Naturally, the clarinet has all kinds of solos in the Nutcracker Suite, and all of them are far trickier than they sound. They even make pros nervous. In fact, when the Kashima Philharmonic first attempted the Nutcracker back in 2002, I was NEVER able to get either the solo in the first tune ("Miniature Overture") or the duet with the flute in the second ("Marche") under my fingers no matter how much I practiced, so I wound up asking the just-joined Mrs. Ogawa to take over the 1st clarinet part (which she then held for several years afterward). Now she's no longer in the orchestra, so it was all up to me. However, this time I surprised myself by pulling them off almost like nothing the first time we read them...possibly a fringe benefit of having practiced "The Sorcerer's Apprentice". The director and rehearsal director kept saying, "Don't push the tempo or poor [Moody] will be in it deep," and I kept replying, "Push the damned tempo! I'm ON it!" And I was.

However, that famous solo in the "Flower Waltz" was another story; it had me deeply worried. Again, it doesn't look or sound difficult, but it's in a really inconvenient place on the horn...especially for someone who has a bit of carpal tunnel syndrome in his left hand.
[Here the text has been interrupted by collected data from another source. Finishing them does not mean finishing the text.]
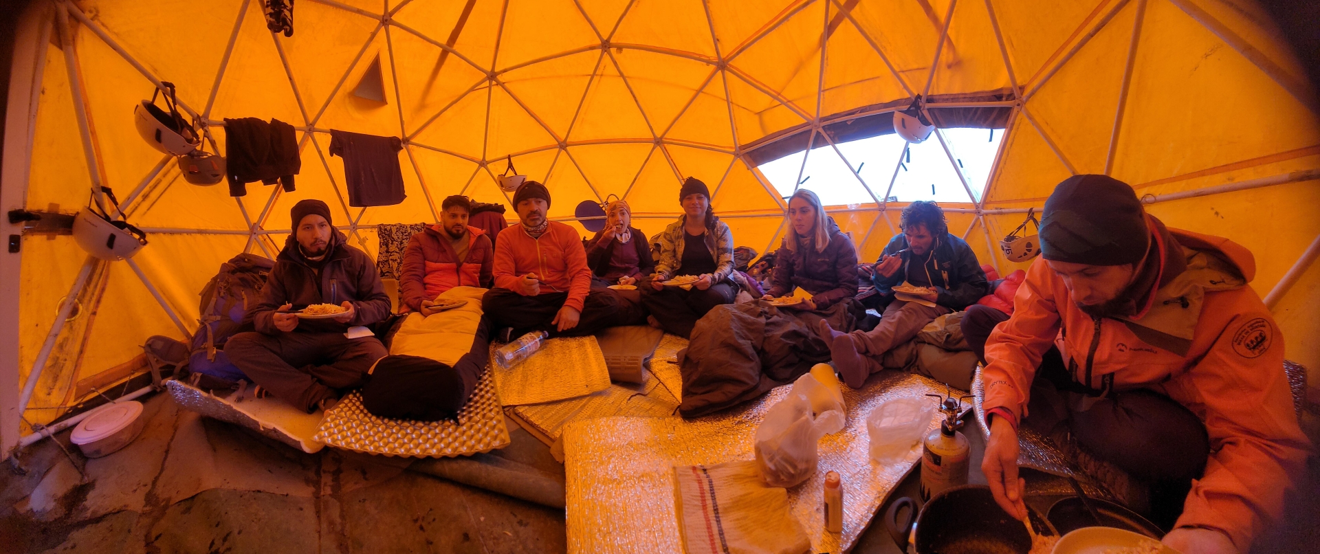 Comemos, nos hidratamos. Serán los Momentos de Relax mientras compartimos con otros montañistas charlas de refugio acompañado de mate o alguna infusión disfrutando de un paisaje único. Después de recibir la charla técnica de la vestimenta y equipo a usar la jornada siguiente. Cenamos temprano alrededor de las 19 horas, para luego descansar ya que debemos reponer energías .
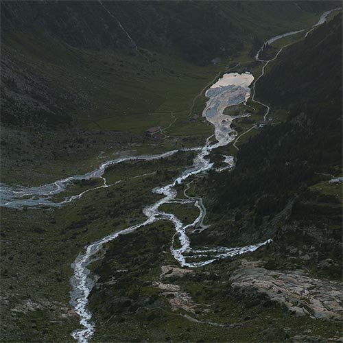 As temperatures rise permafrost retreats to higher latitudes and elevations. Terrain softens and crumbles in its wake. The Alps no longer adhere to boundaries surveyed a century ago. In response Switzerland, Italy, Austria and France have rendered their borders fluid in sections. These landscapes contain the aftermath of our industrial age as well as avant-garde views of statecraft for an era increasingly defined by climate change. "Frontière", "frontiera" and "Grenze" are French, Italian and German-language words for border.
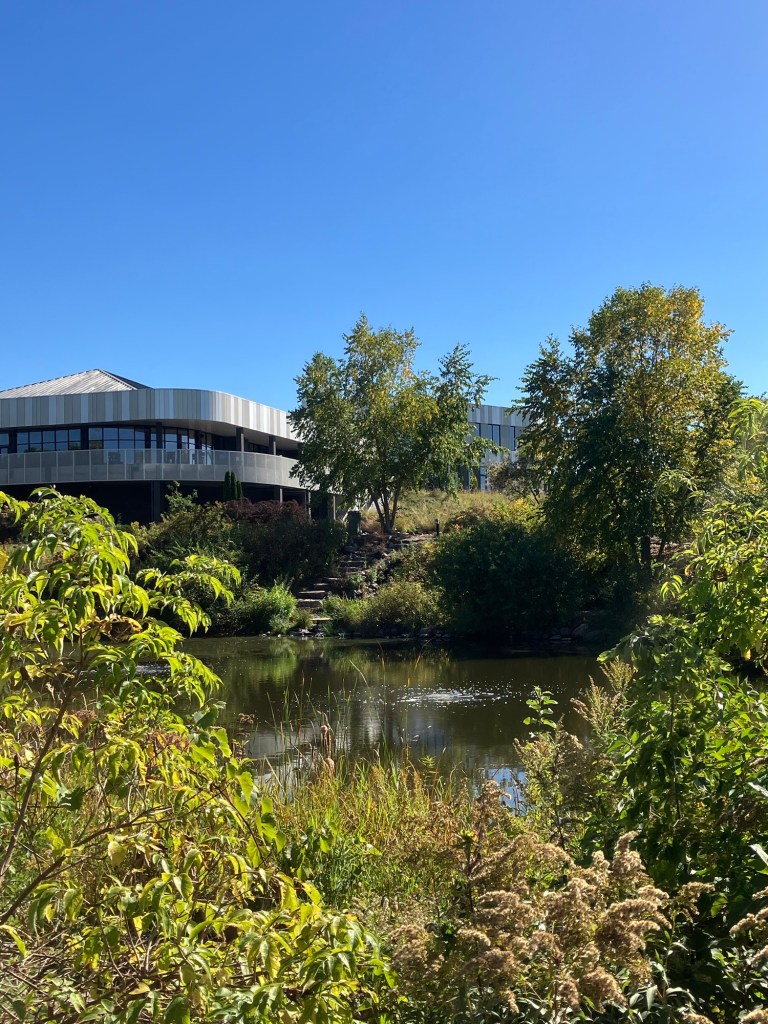This park off of the Plymouth Community center is so scenic that it’s a popular wedding venue, but there’s plenty to take in without accidentally dropping into someone’s event photos. From the upper deck of the community center, you can view much of the garden and surrounding wetland before descending to the ground level. Follow looping paths around water gardens, trees, and flowers. Wind along the stony path to the center of the labyrinth or explore the trail west to the neighboring Hilde Performance Center! Be advised that the gravel path through the trees can be very difficult to push a stroller though, and there are areas with steps that a stroller would have to pass by.

I've performed it a number of times, mostly without incident. But when we played the "Flower Waltz" as an encore two years ago, right after the "1812 Overture", my left hand was so numb and shaky that the solo sounded like an elephant dancing in a swamp. The ham-handed flopping wasn't so obvious in the recording, but it was a personal disaster to me, and I nearly quit there and then. Cut to this year. That solo was NEVER a problem for me in rehearsal...until the dress rehearsal the day before the concert. My left hand froze up solid, and I came to a dead halt in the middle of the opening run. Suddenly everyone forgot that I'd managed it flawlessly till then, and all around me were mutterings of, "Why can't he play that?" The director himself was...well...a bit annoyed. After that, I had all kinds of well-meaning professional extras coming to me with kindly patronizing smiles and saying, "There, there. Don't worry about it. Even pros are scared of that solo." I was furious. Maybe that's why I steeled myself, fought my exhausted left hand into submission, and gunned my way through the f*****g thing during the performance. After it was over I was told I'd never sounded so good. Okay, I guess I won't quit.
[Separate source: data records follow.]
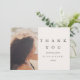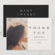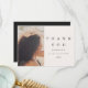 This modern and minimal black and taupe wedding bridal shower thank you card features elegant lettering and one photo.
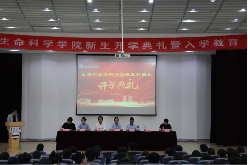 党委书记孙建华、党委副书记张雪蕾、副院长孙海新、院长助理丁晓腾、2002级生物技术专业优秀校友常云松及2024级新生班主任出席会议,2024级全体本科新生参与会议,会议由张雪蕾主持。
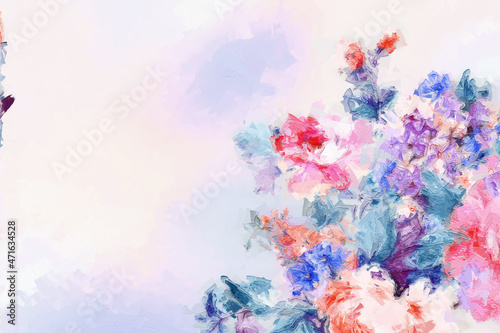 © yang, Fototapeta premium Beautiful abstract oil painting rose flower and bouquet illustration
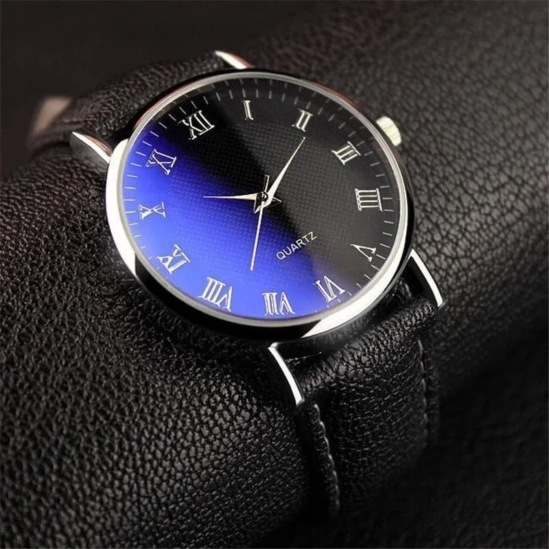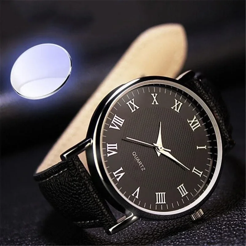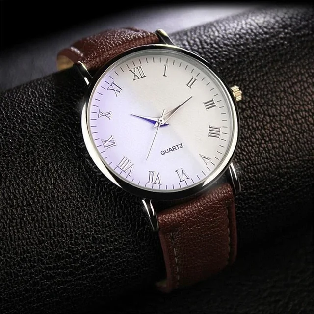 Fashion Men Watches Leather Wrist Watch Roman Scale Belt Quartz Watch Birthday Gifts For Men Women
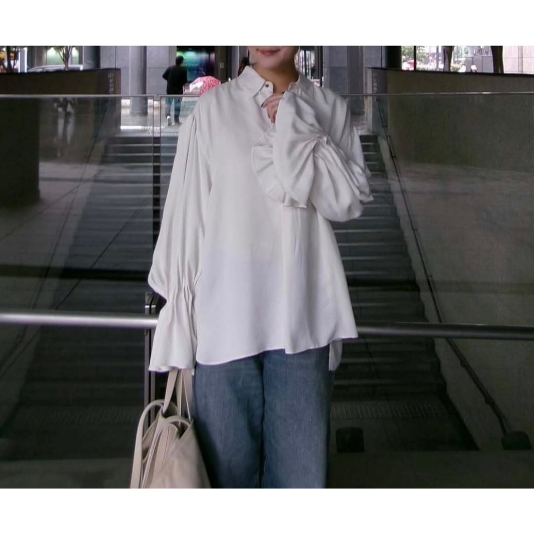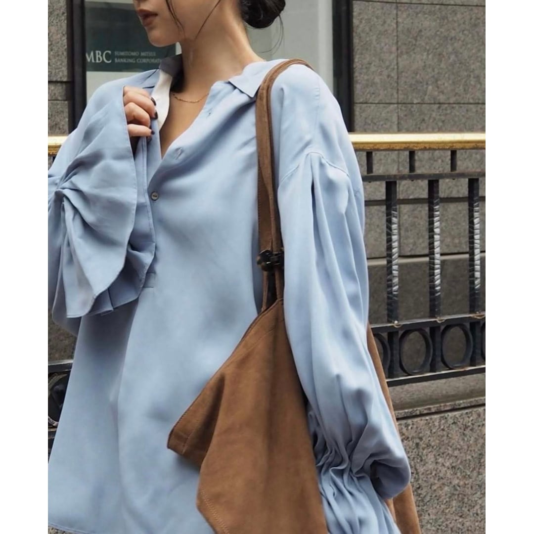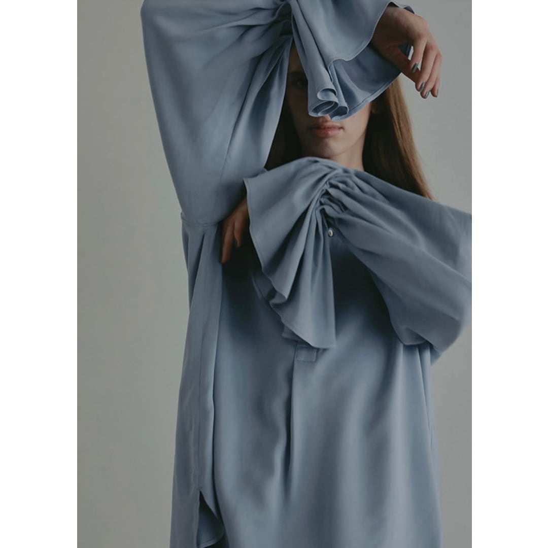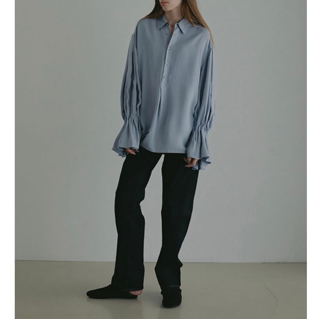 Shirred Flare-Cuff Volume Sleeve Blouse G1039
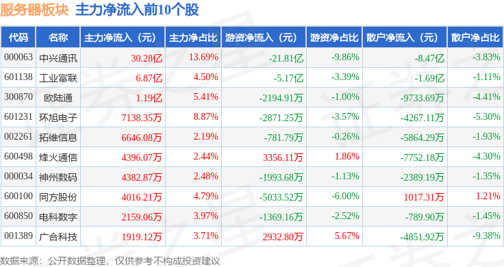 从资金流向上来看,当日服务器板块主力资金净流入21.42亿元,游资资金净流出21.97亿元,散户资金净流入5507.1万元。服务器板块个股资金流向见下表:
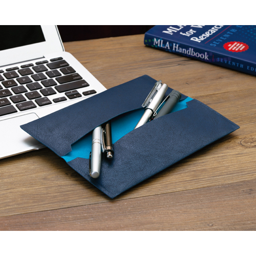 ”販促品 ノベルティ グッズ” 『カラモ レザー調ダブルペンケース(ネイビー)』
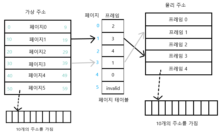 아래 그램에서 가상 주소공간과 물리 주소 공간을 똑같이 10B로 나누었고, 이에 따라 한 페이지 또는 한 프레임은 총 10개의 주소를 가집니다.
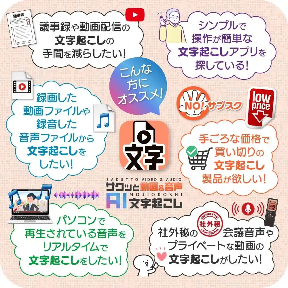 本製品は音声認識AIを活用し、動画・音声データを高精度にテキスト化できるソフトで、クラウドを使用することなくローカル環境で動作するため機密性の高いデータでも安心して利用できる点が特長です。 |

But enough about me. I should also mention that our music was accompanied by a performance by a local ballet school. The littlest girls did an adorable dance with the "Chinese Dance". The eldest ones, all teenagers, gave a beautiful and graceful exhibition during the "Flower Waltz". The ones in between came on during the "March". It was a very good idea, since it allowed another bit of local talent to be put on display. It was also appreciated by the audience, who gave us thundering applause.
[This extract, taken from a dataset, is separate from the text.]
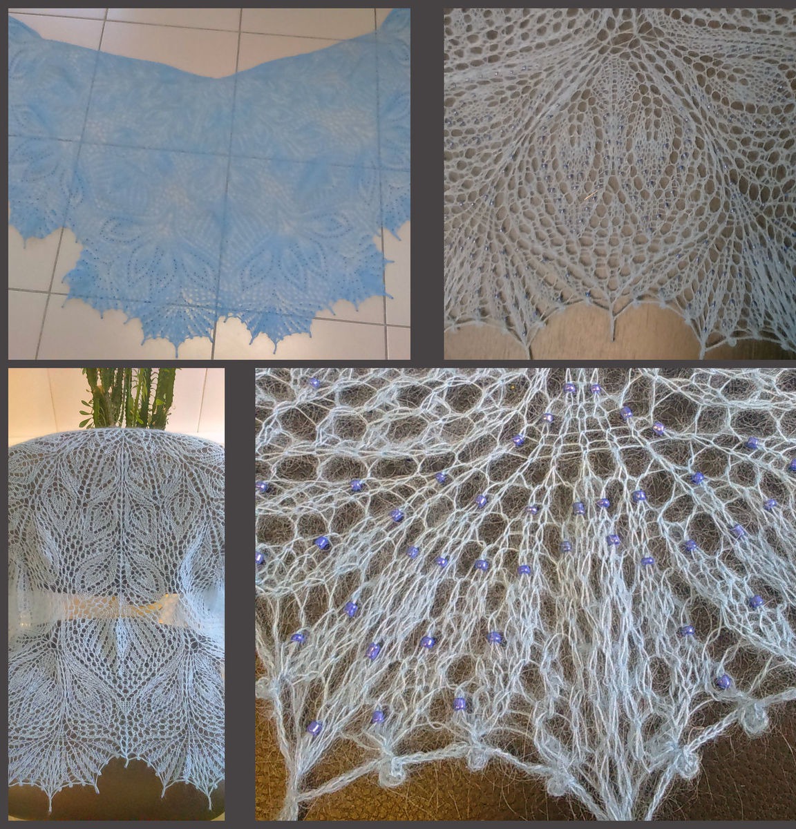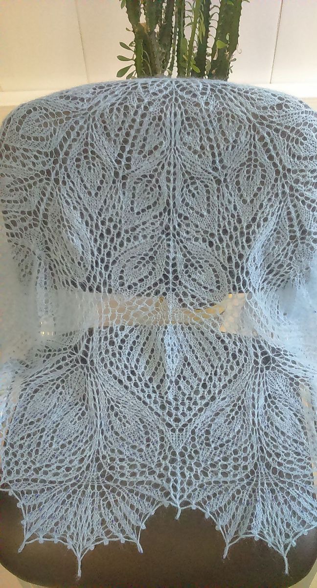 шаль спицами, голубой, шаль в подарок, ажурная шаль, шаль ручной работы

The encore was Leroy Anderson's "Christmas Festival", a fun medley of Christmas songs (with an AWFUL LOT of sharps). Unfortunately, we were pretty worn out by then, so there were some spectacular bricks....especially the opening fanfare. It still ended everything on the right note (ha ha). All in all, it was yet another potential disaster that turned into an almost magical success. At any rate, the audience went away pleased, and we felt pretty good about ourselves, too...between sighs of relief.